Therefore, you might come across other expressions of the First Law, which spell out the types of energy transfer. You might see the First Law written as:
(2) ΔE = Q + W
or
(3) ΔE = Q - W
where E is the total energy of the system (so ΔE is the change in the total energy of the system), Q is the net heat transfer into the system (= heat in minus heat out), and W is work.
Fussing about signs
Wait. There are two forms of the law with different signs? Why is the work sometimes written with a plus and sometimes written with a minus?
The answer is that it depends whether we're talking about the net work done on the system, in which case it's positive, since you're putting energy into the system, so this work leads to an increase in the total energy, or the net work done by the system, in which case it's negative, since the system is doing work on other things, and energy is taken away.

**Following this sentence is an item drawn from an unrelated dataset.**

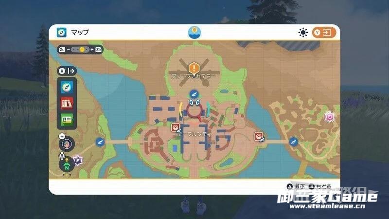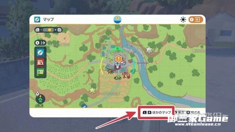 按Y打开地图,然后按L/R即可返回帕底亚地区。初次前往北上乡或蓝莓学园后,即可随时从地图上切换帕底亚地区、北上乡和蓝莓学园。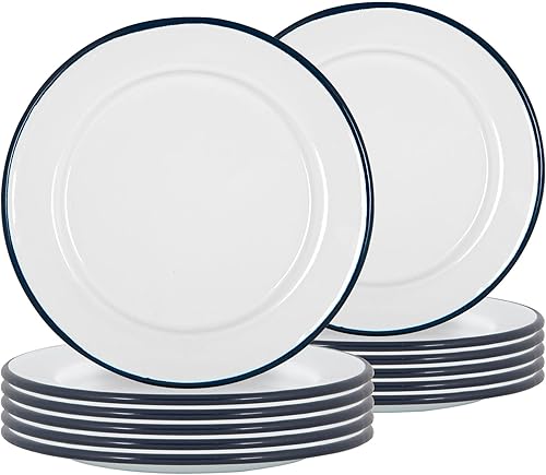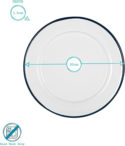 Argon Tableware Plaques de latérale en émail Blanc - Plats de Camping en Plein air en métal - 20cm - Marine - Pack de 12

Since the work done is a force times a distance, we know from Newton's 3rd Law that the work done on a system (by a force exerted on the system by something else) and the work done by a system (by the force the system exerts on that something else) have the same magnitude and differ only by a minus sign. N3 says that if A exerts a force on B, then B exerts an equal force on A in the opposite direction. So we can extend this and conclude that if A exerts a force on B in the direction of the displacement (and thereby does some amount of positive work W), then B must be exerting an equal force on A at the same time, in the direction opposite to the displacement (and thereby does some amount of negative work -W). So if the system does work W on its surroundings, then work -W is done on the system, and vice versa.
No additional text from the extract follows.